ACTIVITY:
Leaving out all pictures, return exactly the lines from the one that contains "Oil on canvas, 80" through the end of the data below.
** Opening SUPPLIED RECORDS block **
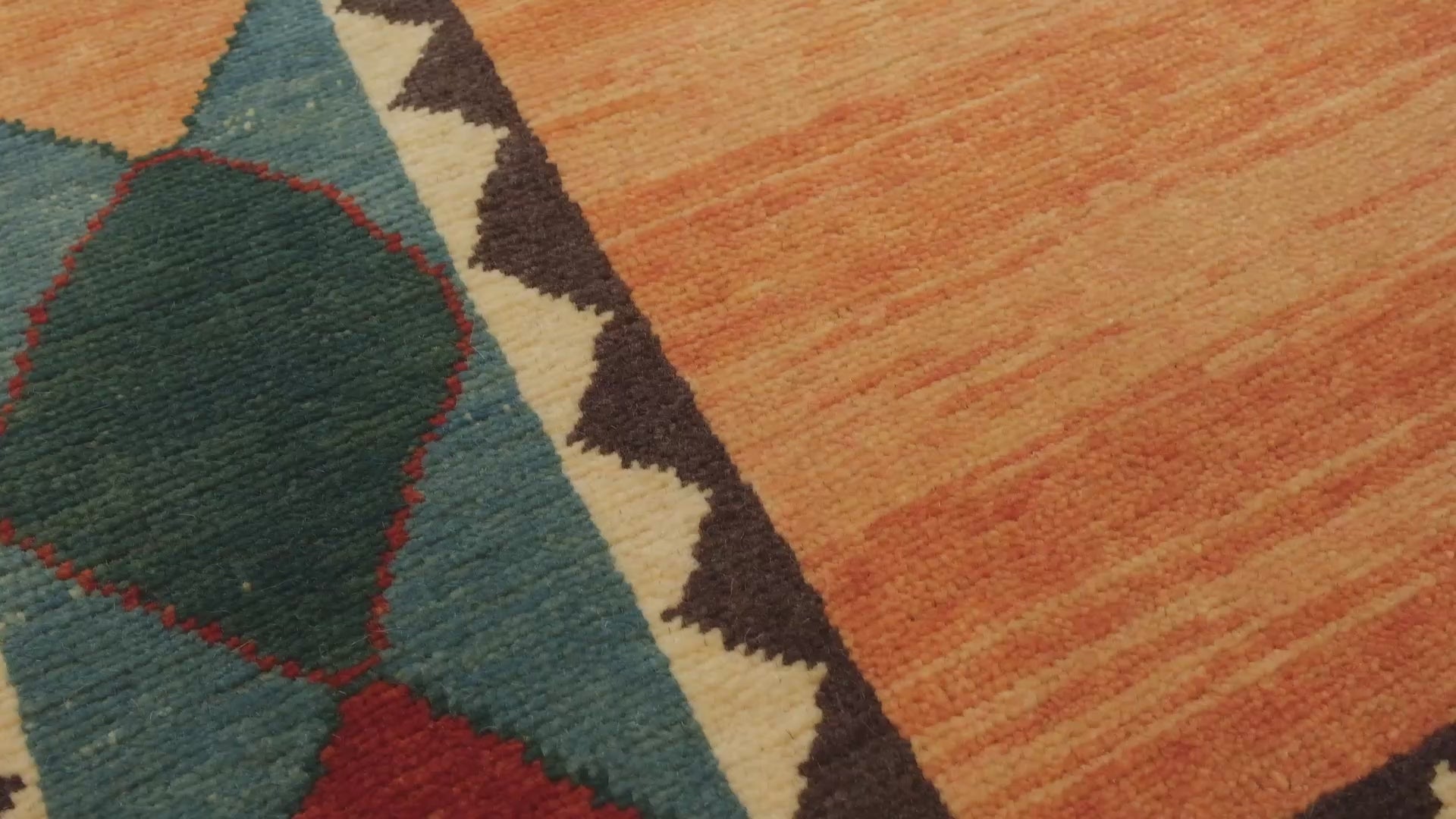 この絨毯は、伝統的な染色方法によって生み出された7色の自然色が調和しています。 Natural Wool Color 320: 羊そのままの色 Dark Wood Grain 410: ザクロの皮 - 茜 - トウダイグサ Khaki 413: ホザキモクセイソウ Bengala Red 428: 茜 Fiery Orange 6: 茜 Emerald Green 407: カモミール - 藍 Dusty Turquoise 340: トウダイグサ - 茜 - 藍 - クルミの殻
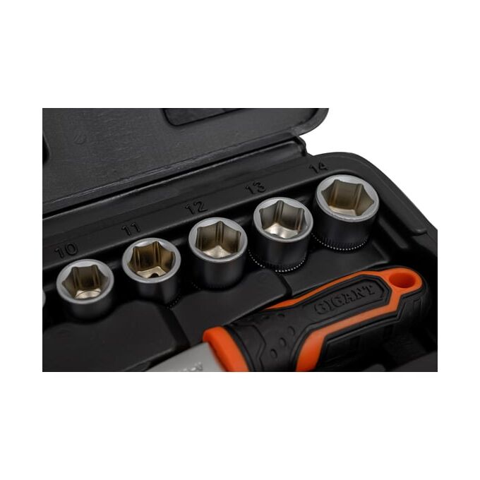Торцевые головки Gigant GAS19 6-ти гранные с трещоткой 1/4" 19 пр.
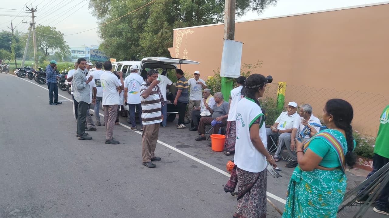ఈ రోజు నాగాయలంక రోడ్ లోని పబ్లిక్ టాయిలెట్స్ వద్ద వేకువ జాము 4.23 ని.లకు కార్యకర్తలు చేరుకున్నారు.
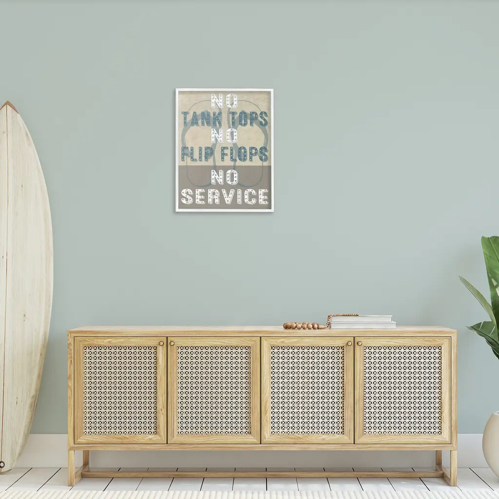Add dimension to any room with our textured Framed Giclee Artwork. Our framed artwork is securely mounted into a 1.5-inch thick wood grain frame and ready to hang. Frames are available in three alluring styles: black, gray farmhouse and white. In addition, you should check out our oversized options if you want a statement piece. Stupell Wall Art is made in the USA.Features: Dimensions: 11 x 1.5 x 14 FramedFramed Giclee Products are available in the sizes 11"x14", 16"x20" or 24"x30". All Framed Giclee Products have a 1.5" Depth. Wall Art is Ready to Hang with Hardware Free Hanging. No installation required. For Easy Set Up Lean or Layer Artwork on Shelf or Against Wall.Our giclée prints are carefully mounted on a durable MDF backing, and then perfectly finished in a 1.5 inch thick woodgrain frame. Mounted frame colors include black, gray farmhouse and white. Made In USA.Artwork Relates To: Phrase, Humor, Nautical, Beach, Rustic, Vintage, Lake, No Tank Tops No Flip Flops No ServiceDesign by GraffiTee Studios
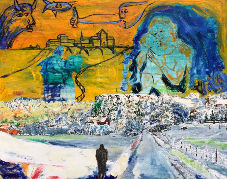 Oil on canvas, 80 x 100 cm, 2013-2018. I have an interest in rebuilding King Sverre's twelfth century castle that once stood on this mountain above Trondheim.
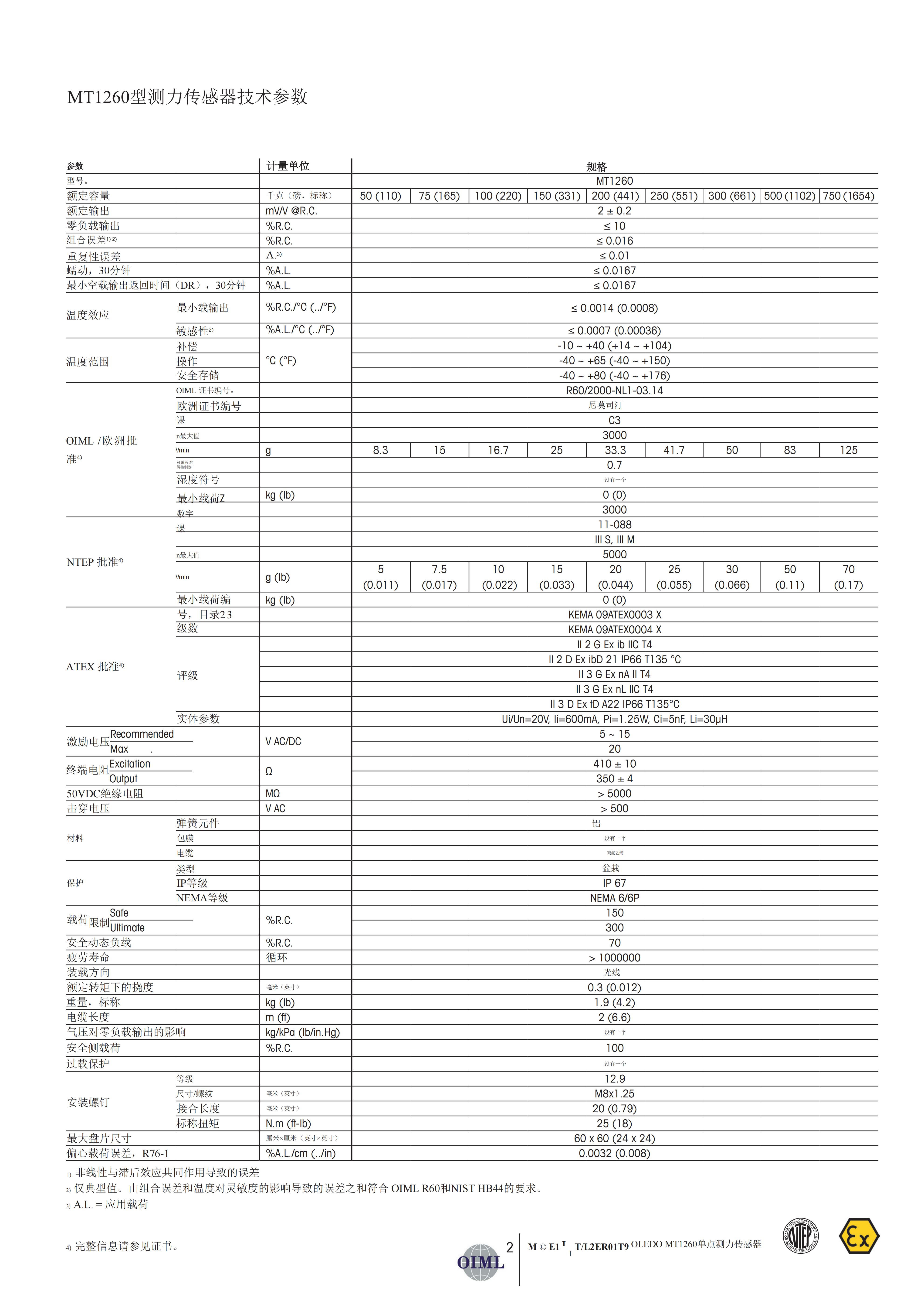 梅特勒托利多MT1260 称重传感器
** Closing SUPPLIED RECORDS block **
ANSWER TO THIS PROBLEM:
 Oil on canvas, 80 x 100 cm, 2013-2018. I have an interest in rebuilding King Sverre's twelfth century castle that once stood on this mountain above Trondheim.
 梅特勒托利多MT1260 称重传感器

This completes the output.